BLUECAT: Brisk local uncertainty estimator for deterministic simulations and predictions [1]. BLUECAT converts deterministic to stochastic models for hydrological simulations and predictions. This is an adaptation of hymodbluecat from R, where BLUECAT is refactored to Python code. As many deep-learning models are developed within Python, this package allows users to use BLUECAT without having to use R.
You can install bluecat using pip:
pip install bluecat
Otherwise, clone this repo and install manually:
git clone https://github.com/davehah/bluecat.git
cd bluecat
pip install .
We focus on estimating the uncertainty of a single deterministic simulation of streamflow. Following the traditional split-sample testing, the calibration data is used to estimate the uncertainty of the test data. First, import the package:
import bluecat as bc
We will be using the Arno River basin data provided by hymodbluecat using simulations from Hymod (data and model can be retrieved from the corresponding package). Looking at the first 5 rows:
date | obs | sim |
---|---|---|
1992-01-01 | 4.45 | 15.000000 |
1992-01-02 | 4.31 | 14.381293 |
1992-01-03 | 4.35 | 13.788106 |
1992-01-04 | 4.26 | 13.219407 |
1992-01-05 | 4.18 | 12.674306 |
We need to split the dataset into calibration and test sets and define the number of neighbours (m
) and the significance level (siglev
):
cal = df["1992-01-01":"2011-12-31"]
test = df["2012-01-01":]
qcalib = cal['sim'].to_numpy()
qcalibobs = cal['obs'].to_numpy()
qsim = test['sim'].to_numpy()
qobs = test['obs'].to_numpy()
m = 100
siglev = 0.05
Although the observed streamflow for the test set is optional, it is required for the probability-probability plot. Now configure BLUECAT:
app = bc.Bluecat(qsim, qcalib, qcalibobs,
m, siglev, bc.KMomentsEstimation(),
qobs, prob_plot=True)
Here, K-Moments estimation is used to find the prediction interval. Alternatively, it is possible to use the empirical estimation (faster) using bc.EmpiricalEstimation()

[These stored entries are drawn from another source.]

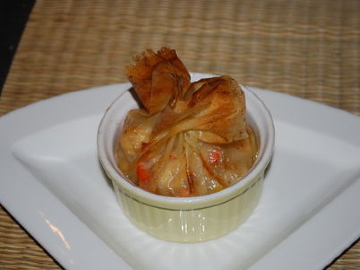 Aumônières de noix de st jacques et crevettes Entréefacile22 min Envoyer cette recette à un ami Imprimer cette page Poser une question à l'auteur Publier votre photo de cette recette Ingrédients 4 Feuilles de brick Noix de St Jacques (3 à 4 par personne avec corail) Crevettes Cabillaud (du congelé fera très bien l'affaire!) 50 g de farine 30 g de beurre + beurre fondu pour les feuilles de brick 15 cl de vin blanc sec sel poivre 1 oignon 1 bouquet garni (thym et laurier)
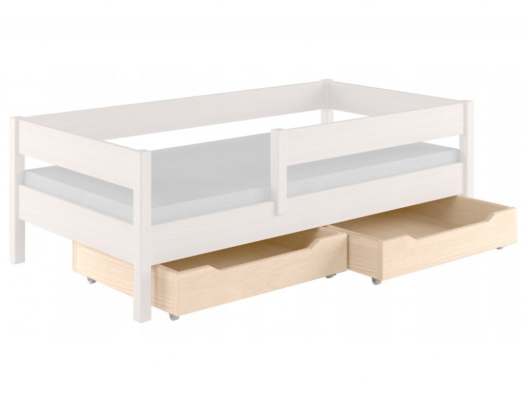 Annak érdekében, hogy több tárhelyet biztosítson gyermekeinek, vásárolja meg a Mix/Diego Pred gyerekágyhoz gyártott fehérített tölgy színkivitelben készült praktikus tároló fiókokat. A kerekek gumibevonattal rendelkeznek így megvédik padlóját a karcolásoktól. Az ágyneműtartó előlapjait borovi fából készülnek, az oldalait bútor deszkából. A fiókok alsó része HDF - ből készült. A tároló fiókok elegendő tárhelyet biztosítanak.
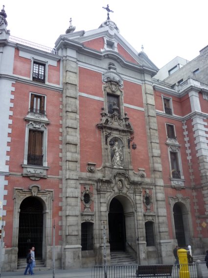 Aunque nada indicaba que esa iglesia de San José fuera la parroquia madrileña de este nombre, en principio parecía probable que lo fuera... así pues, realicé una visita a la misma. Esta parroquia, situada en la esquina de la calle de Alcalá y la Gran Vía, fue originalmente la capilla del convento de carmelitas descalzos de San Hermenegildo, construido a finales del siglo XVI y terminado en 1605. El templo actual, que es lo único que se conserva del desaparecido cenobio, demolido tras la desamortización de Mendizábal -en su solar se alzó el mítico teatro Apolo, reemplazado a su vez por la sede del Banco de Vizcaya-, es obra de Pedro de Ribera, que inició su construcción en 1730 concluyéndose ésta en 1748.
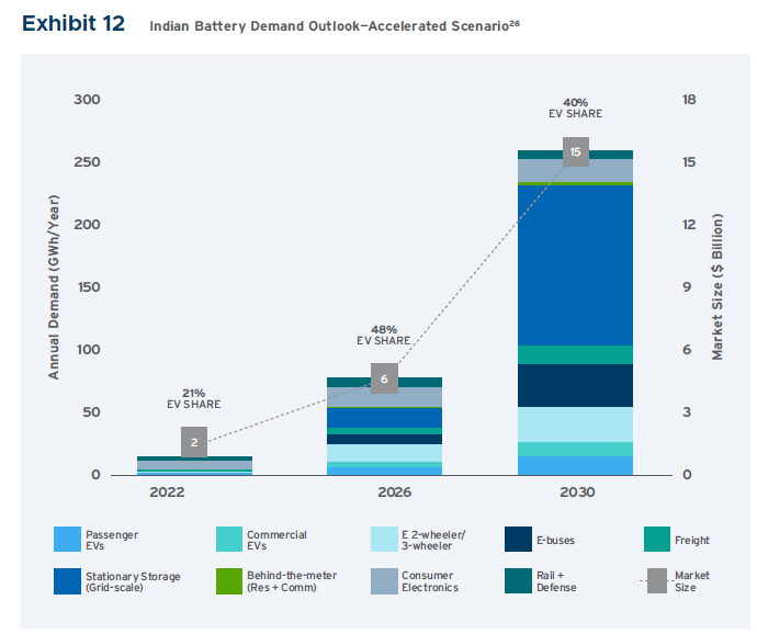 印度在先進電池技術(shù)制造方面的影響力如今微不足道。然而,該國擁有大規(guī)模電池制造的巨大潛力。報告指出,到2030年,印度的電池市場可能超過150億美元(約合1.12萬億盧比),到2030年,印度的電池需求預(yù)計將在“加速情景”中上升到260GWh。

instead. The difference between empirical and K-Moments estimation can be found in the reference below. Now simulate BLUECAT:
app.sim()
app
stores all the results, for example, the mean (app.medpred
), the upper (app.suppred
), and lower bands (app.infpred
). If K-Moments is used for the prediction interval, it is wise to check the optimization results from fitting the Pareto-Burr-Feller distribution (app.opt
).
fun: 50.23428305968906
jac: array([-9.76285719e-04, -2.50821584e-04, -7.38964450e-05, -5.41697656e+02])
message: 'Optimization terminated successfully.'
nfev: 2160
nit: 33
success: True
x: array([0.42345394, 0.98037295, 6.99682168, 0.39183529])
If the observed streamflow for the test set is supplied to bc.Bluecat
, it is possible to plot the reliability diagram (otherwise known as the probability-probability plot):
app.plot_ppp()
Finally, check the streamflow timeseries plot.
[1] D. Koutsoyiannis and A. Montanari, “Bluecat: A Local Uncertainty Estimator for Deterministic Simulations and Predictions,” Water Resources Research, vol. 58, no. 1, Jan. 2022, doi: 10.1029/2021WR031215.